Posted: Mon Feb 23, 2015 3:29 pm
by james888
bruce wrote:BAD_WORK_UNIT can happen because of stability issues, but a percentage of WUs are actually bad. There's no dependable way to determine which it is except to retry the WU on somebody else's hardware.

In this case, Project: 13000 (Run 672, Clone 9, Gen 76) was attempted by you and one other person and both failed rather quickly, indicating that there's probably nothing wrong with your system. Is the next WU processing normally?
These errors have been going on for days. The client stops itself, but I keep telling it to try again. I can not fold at all on linux, it just gives me that error shown until the client gives up.
rwh202 wrote:That looks like the same old Maxwell / driver issue - what version are you running?
The latest drivers (346.35) seem to have it fixed so Maxwell can now again fold non-9201 core-17 WUs on linux (13000/13001 are only being sent out to 750ti but I think the 970/980 can process them too)
I installed 346.35 from the xorg edgers ppa. I was folding before on nvidia 343 drivers but those are not available anymore.

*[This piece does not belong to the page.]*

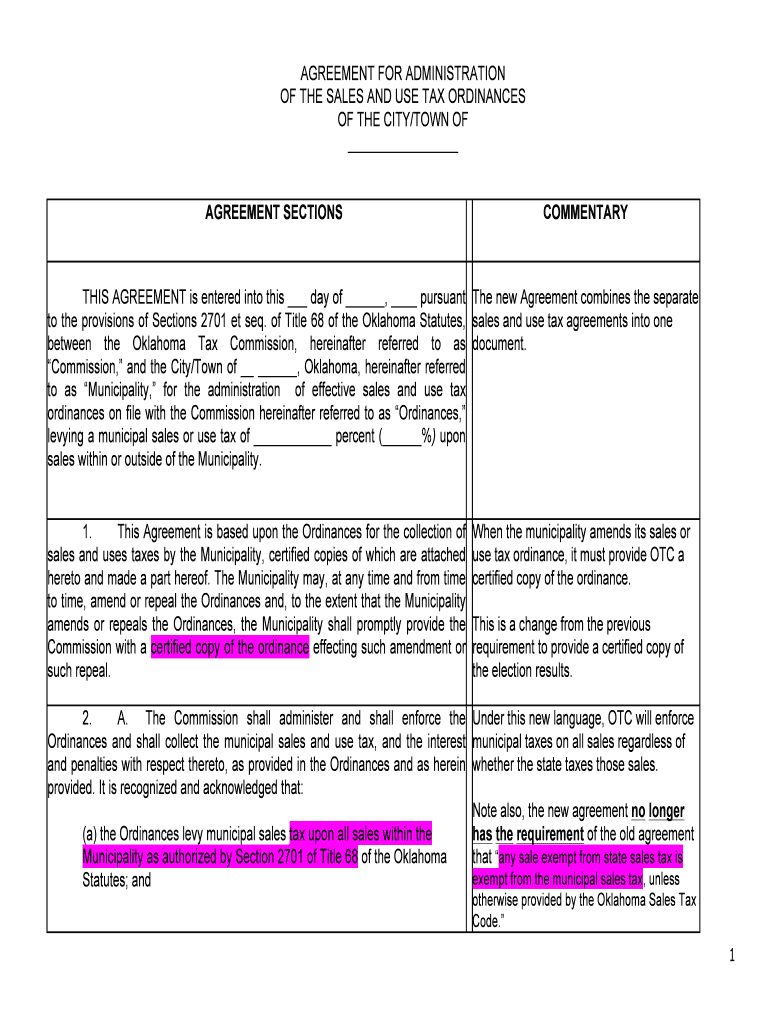 AGREEMENT FOR ADMINISTRATION OF THE SALES AND USE TAX ORDINANCES OF THE CITY/TOWN OF AGREEMENT SECTIONSCOMMENTARYTHIS AGREEMENT is entered into this day of, pursuant The new Agreement combines the

Re: Trouble folding in linux

Posted: Mon Feb 23, 2015 10:07 pm
by bruce
james888 wrote:These errors have been going on for days. The client stops itself, but I keep telling it to try again. I can not fold at all on linux, it just gives me that error shown until the client gives up.
At that time, I only checked one WU. Since it was completed with an error, it was issued to somebody else and you would have been assigned a different WU. Repeated failures on DIFFERENT WUs does indicate a problem with your system, whether that's bad drivers or excessive overclocking or hardware that's actually defective.